Activists from the New York Revolution’s Club gathered in celebration of the guilty verdicts in the Ahmaud Arbery trial, but say more work needs to be done.
Photo by Dean Moses
A small band of activists took to Times Square Wednesday night to celebrate the verdicts in the Georgia murder trial of Ahmaud Arbery while charging there is more work to be done.
Even hours after three men were found guilty of murdering an unarmed, empty-handed jogger, Ahmaud Arbery, a sense of relief continued to wash over them and passersby on Nov. 24. Pedestrians passing by on their street lifted their cellphones to their friends in reprieve, with one man by the name of Joseph Sanchez remarking in pure astonishment: “They got them, they got all three!”
Protest group NYC Revolution Club set up a demonstration in the heart of Times Square, under the vivid light of flashing advertisements and the bemused gaze of tourists. Although the activists celebrated what they felt was a victory, they also asserted that this trial alone can not atone for so many previous injustices.
“The horrible heinous nature of the crime only became known because the video was leaked by mistake,” Emma Kaplan said. “We have to ask ourselves, is this the best we can hope for? Is this the kind of victory we can take satisfaction in when once in a blue moon someone is held accountable?”
Chanting “Guilty, Guilty, the whole system is guilty,” the message was clear. While some take solace in justice served, others remain skeptical if verdicts like these will bring meaningful chance.
Political leaders also weighed in. Taking to social media, Congressmember Alexandria Ocasio-Cortez sought to remind the country that “these verdicts are often the exception, not the norm.”
Public Advocate Jumaane Williams also released a statement reflecting on Arbery’s murder, gun violence, and growing up as a Black man in the United States.

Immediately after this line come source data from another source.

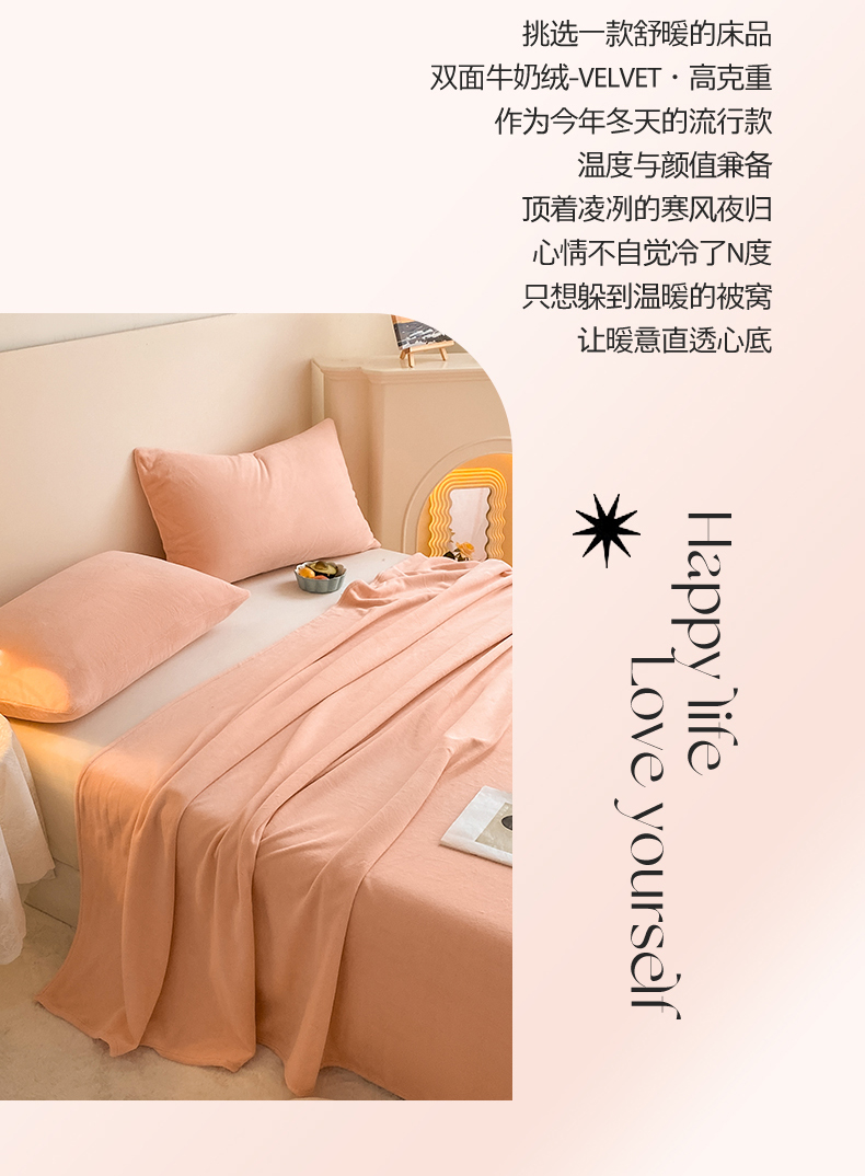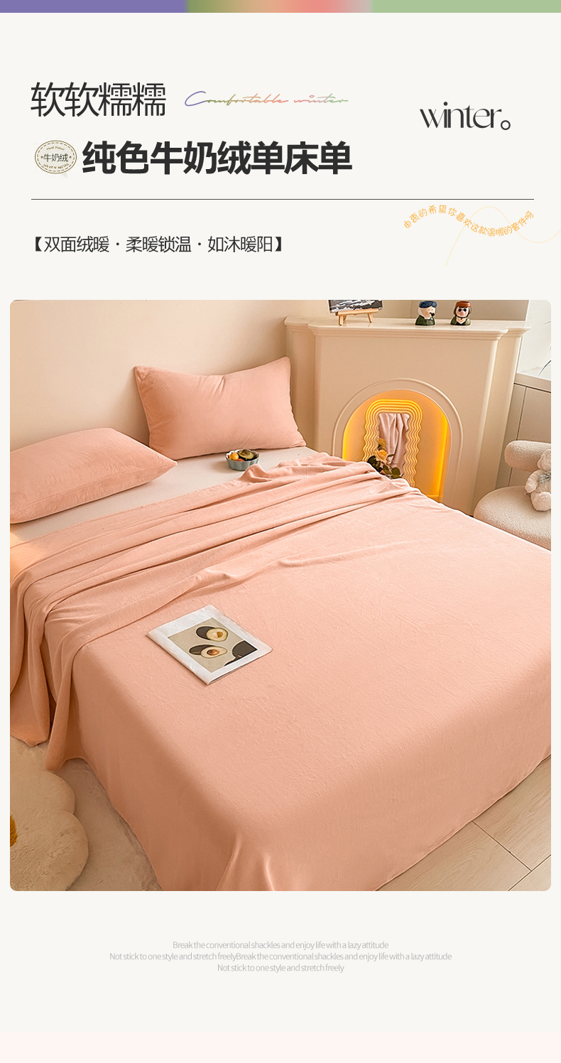 商品名称:眠帛家居 2024新款纯色高克重牛奶绒单床单 奶油粉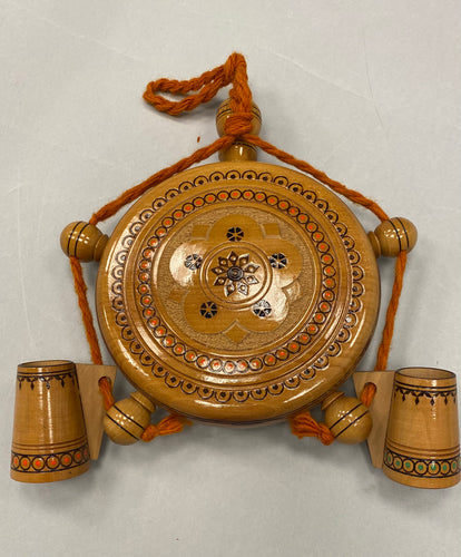 Wooden carved and painted round canteen with 2 cups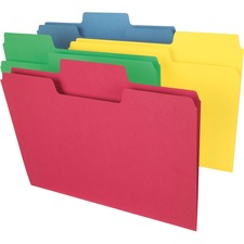 Smead SuperTab 1/3 Tab Cut Letter Recycled Top Tab File Folder - 8 1/2 x 11 - 3 Internal Pocket(s) - Manila - Blue, Red, Green, Yellow - 10% Recycled - 12 / Pack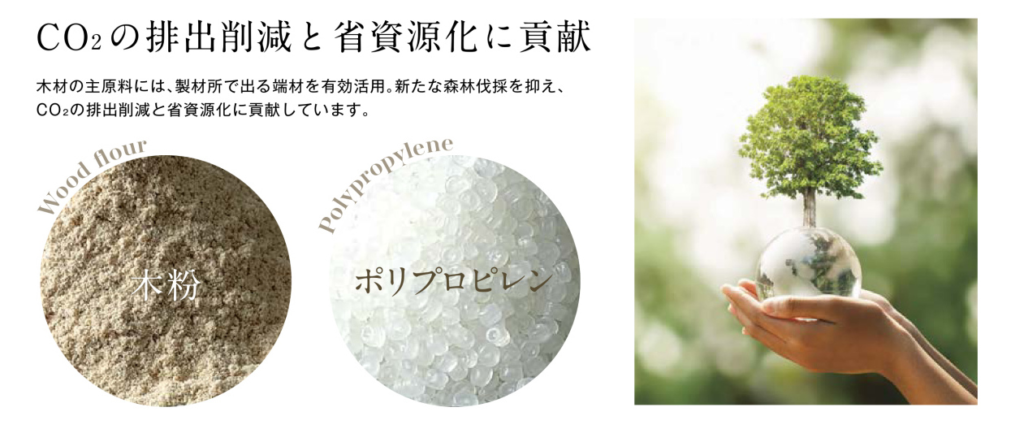 YKKapでは木粉と高硬度なポリプロピレンを配合した再生木で天然木の様な温もりが魅力の物もあります。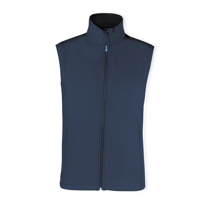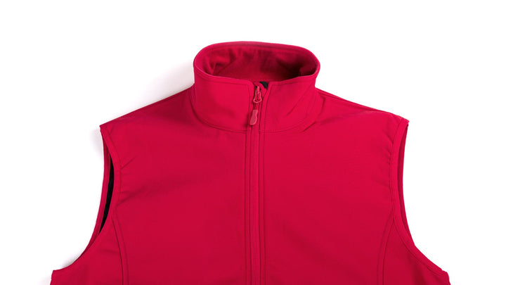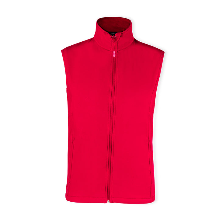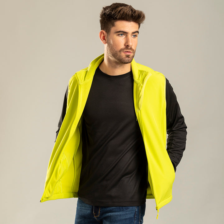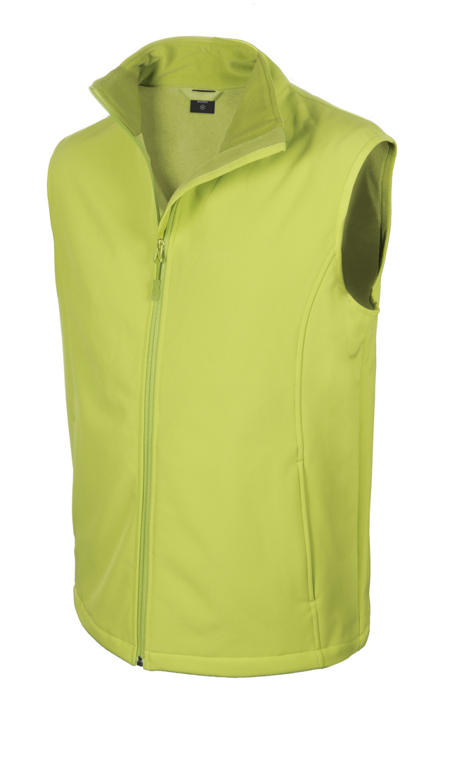 Wasserabweisende und atmungsaktive Weste aus einer Soft-Shell/Elasthan-Kombination. Mit Reißverschluss und Fronttaschen. Verfügbar in verschiedenen lebendigen Farben und den Größen S, M, L, XL und XXL.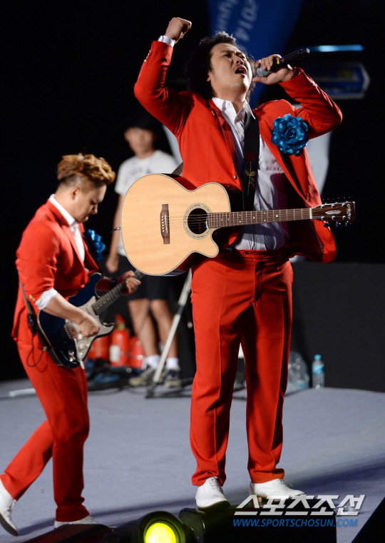 2014 브라질월드컵 조별리그 3차전 벨기에와의 경기를 앞둔 27일 새벽 서울 코엑스 앞 영동대로에서 길거리 응원전이 펼쳐졌다. 장미여관이 멋진 무대를 펼치고 있다.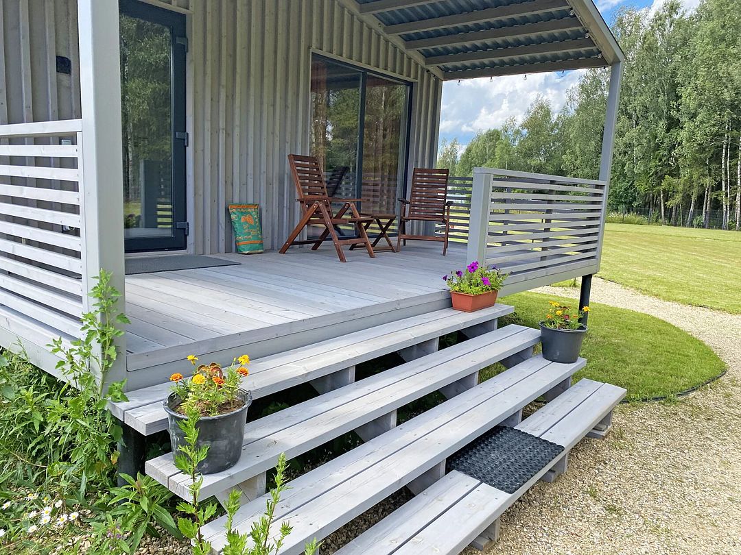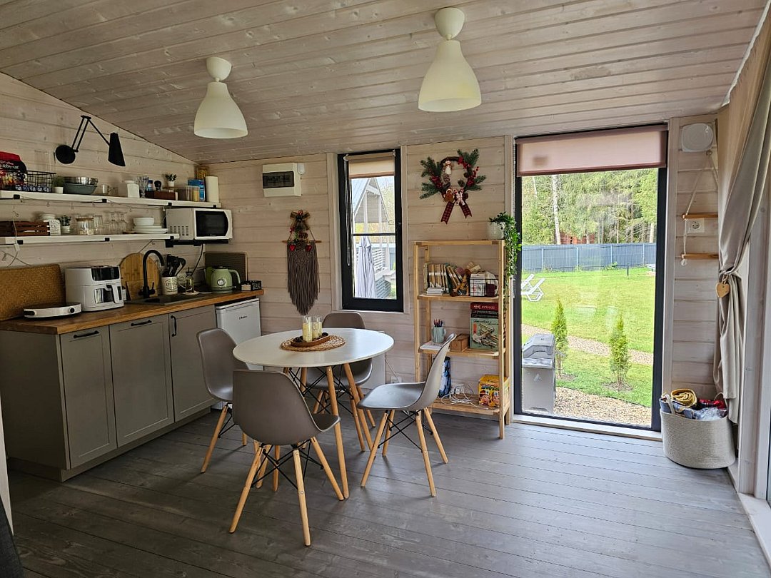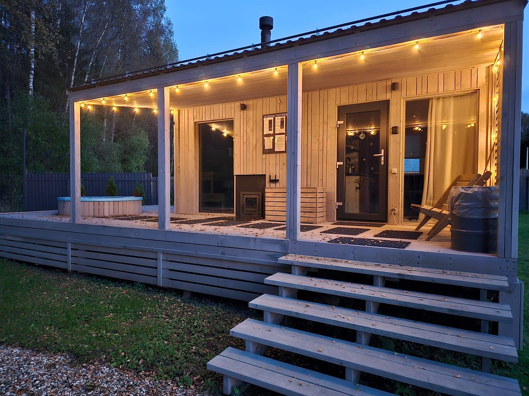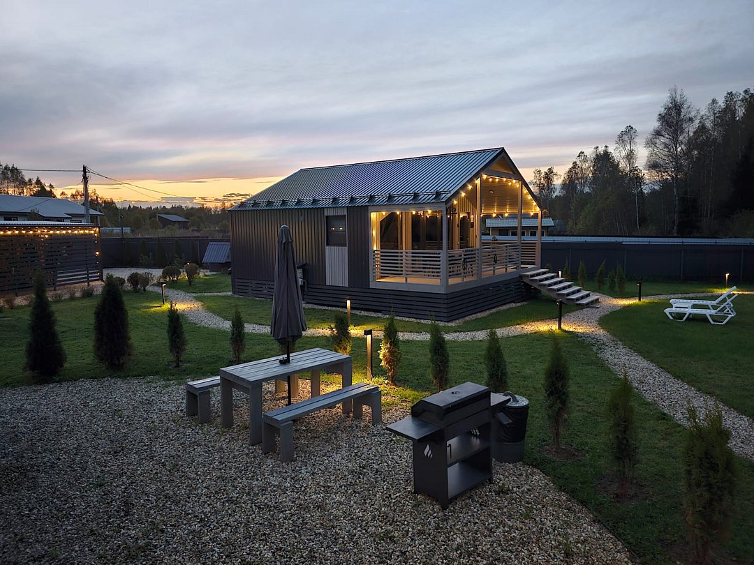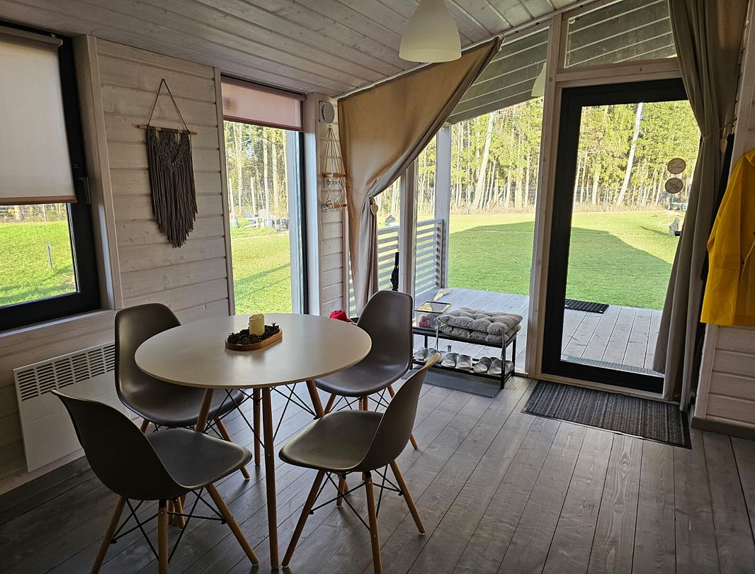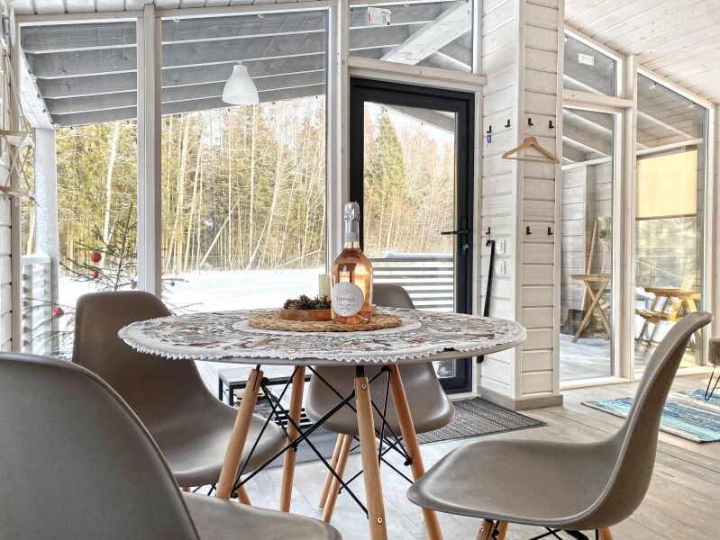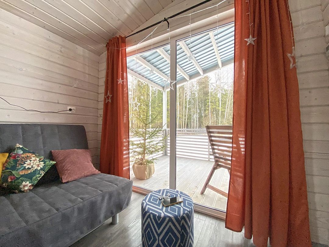 Дом Пелли идеален для двоих, это уютное гнездышко с видом на лес. Со своей зоной BBQ, столиком и лавочками. С чудесной верандой.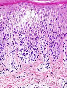 - 1 2 Alsaad, K O; Ghazarian, D (Dec 2005). "My Approach to Superficial Inflammatory Dermatoses". Journal of Clinical Pathology. 58.12 (2005) (12): 1233–1241. doi:10.1136/jcp.2005.027151. PMC 1770784. PMID 16311340.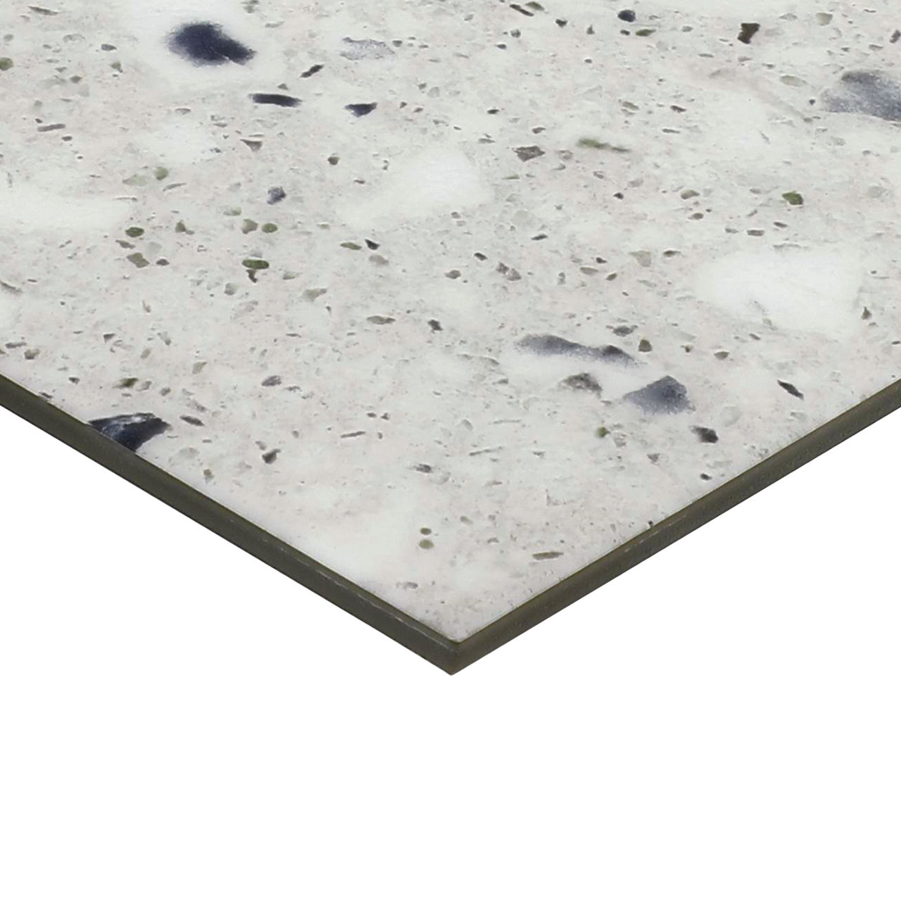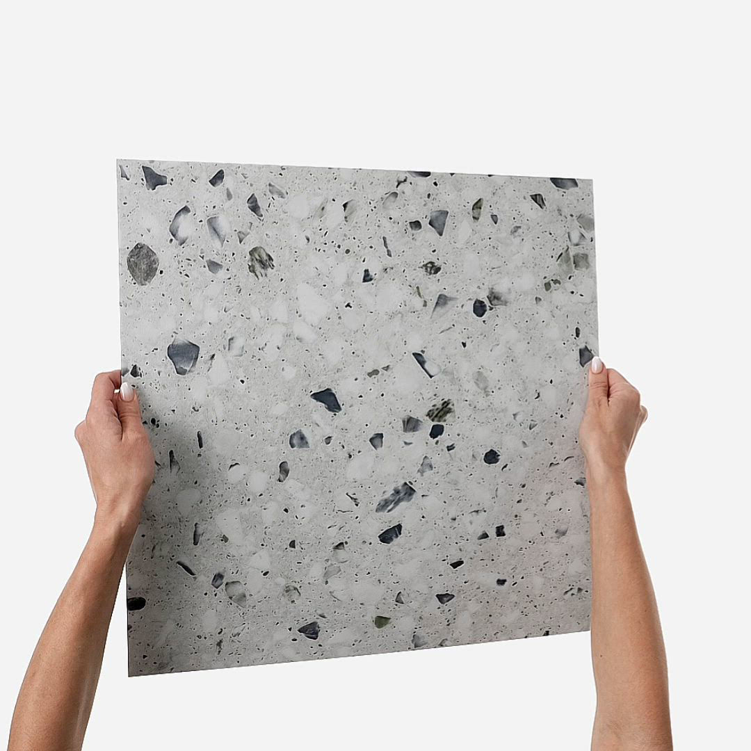 Collection Name Multimedia Terrazzo Color Code MZ33 Color Name Lake Color Family Green Nominal Size 18X18 Actual Size 18.00 X 18.00 Nominal Thickness 5.0MM Mount Method Loose Size Category Medium Product Shape Square Country of Origin China Finish TitanGuard Technology Body Type Flexible Glue Down Vinyl Tile Edge Non Rectified Edge Description Bevel Bevel MICROBEVEL Dimensional Design Embossed Installation Glue Down Construction COMMERCIAL GRADE LUXURY VINYL TILE 100% VIRGIN Wear Layer 20 MIL(0.508MM) Underlayment UNATTACHED

“Being a Black man in America is also reflected in the absurd dread of waiting for this verdict and being in doubt of its outcome even in the face of overwhelming evidence, hoping for justice but not expecting it. Because we’ve been here before, so many times, and seen justice denied – seen our humanity denied. We must continue the work of uprooting old systems until the expectation is not justice denied but justice delivered, until we can truly be okay,” Williams said in a statement.